1 image recording device, 2 roll paper,
10 Feeding unit, 18 winding shaft, 19 relay roller,
20 transport unit, 20a positioning unit,
21 relay roller, 22 relay roller,
23 1st conveyance roller, 24 2nd conveyance roller,
25 reversing roller, 26 relay roller, 27 delivery roller,
29 platens, 30 head units, 31 heads,
34 valve unit, 35 flushing unit,
40 carriage unit, 41 guide rail, 42 carriage,
50 detector groups, 60 controllers, 70 heater units,
80 blower unit, 81 fan, 90 take-up unit,
91 relay roller, 92 winding drive shaft,
110 host computers, 200 bases,
201 first roller, 201a central axis,
202 second roller, 202a central axis,
203 base member, 203a rotating shaft,
204 eccentric cam, 204a central axis,
205 motor, 205a drive shaft, 205b coupling,
205c transmission shaft, 205d bearing,
206 Worm, 207 Worm wheel,
207a central axis, 208 cam follower,
209 Coil spring, 209a L-shaped bracket,
209b L-shaped bracket, 210 movable support,
210a L-shaped bracket, 210b wheel,
211 restricting member, 212 limit sensor

Claims (6)

A roll paper is conveyed along the conveyance direction, and a first roller and a second roller arranged along the conveyance direction;
A base member that rotatably supports the first roller and the second roller around each central axis;
A rotation shaft that is positioned closer to the first roller than the second roller, along the normal direction of the virtual plane including the respective central axes, and rotatably supporting the base member;
An eccentric cam that rotates the base member about the rotation axis by performing a rotation operation around an axis parallel to the rotation axis, and the first cam is moved in the transport direction during the rotation operation.

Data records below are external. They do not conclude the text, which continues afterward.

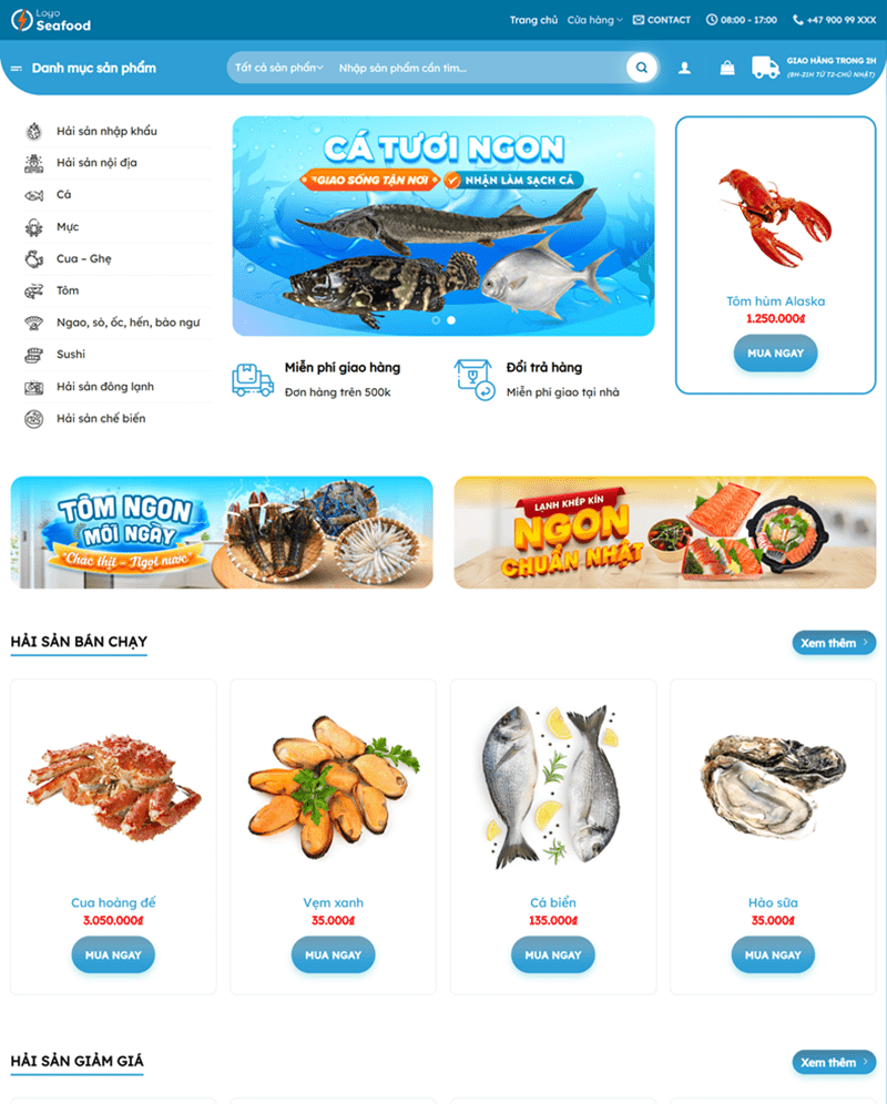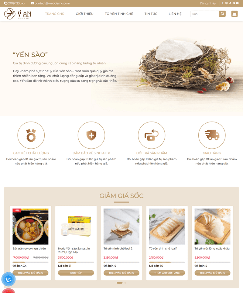 Với mẫu website thực phẩm do Vương Digital thiết kế, bạn sẽ có một giao diện sạch sẽ, tươi mới và đầy cảm hứng, giúp truyền tải chất lượng sản phẩm một cách chân thực và hấp dẫn. Màu sắc, hình ảnh và bố cục được tối ưu để làm nổi bật sự tươi ngon, nguồn gốc rõ ràng và giá trị dinh dưỡng — yếu tố quan trọng khiến khách hàng yên tâm khi mua hàng. Website được xây dựng theo chuẩn UX/UI, hỗ trợ phân loại sản phẩm rõ ràng, tìm kiếm nhanh, hiển thị giá và thông tin chi tiết dễ hiểu.
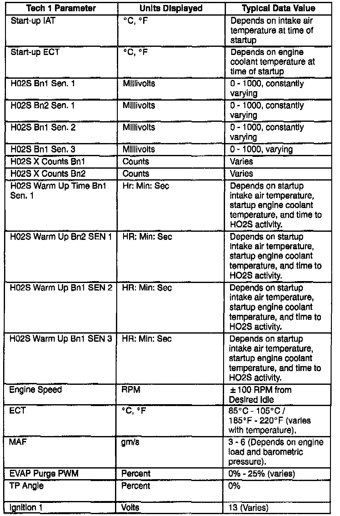 Scan Tool Data List
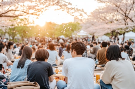 Japanese sakura Cherry blossom festival, picnic in city park with young adults enjoying springtime, AI generated
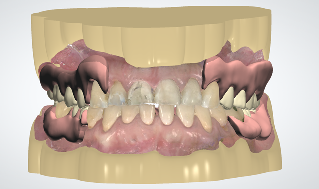 The digital impression allows for a completely mucostatic impression (mucostatic being the preferred impression technique for flexible RPDs), which will be critical to the fit of the final appliance as it is designed to be completely tissue-borne. Maxillary and mandibular arches are scanned and the order transmitted to the lab via 3Shape Communicate. Once received by the lab, the order is set up as a removable partial denture with artificial teeth for both the maxillary and mandibular arches.
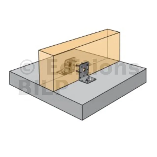 - Fixation bois/support rigide - type poteau/support rigideAile B : 11 - type : CNA Ø4.0x35 ou Ø4.0x50 mm ; Aile C : 1 - type : WA M10-78/5 - Assemblage avec 2 équerres

An eccentric cam that is positioned on the opposite side of the first roller across two rollers, and at least a portion of the eccentric cam faces the second roller in the normal direction;
A drive unit for driving the eccentric cam;
A worm wheel that rotates coaxially and integrally with the eccentric cam, and is positioned on the opposite side of the first roller with the second roller in the conveying direction during the rotating operation. And at least a part of the worm wheel is opposed to the second roller in the normal direction;
A worm that meshes with the worm wheel and transmits a driving force by the driving unit to the worm wheel;
A roll paper conveying device comprising: The roll paper transport device according to claim 1 ,
The base member includes a cam follower that rotates the base member around the rotation axis by engaging with the eccentric cam that performs the rotation operation.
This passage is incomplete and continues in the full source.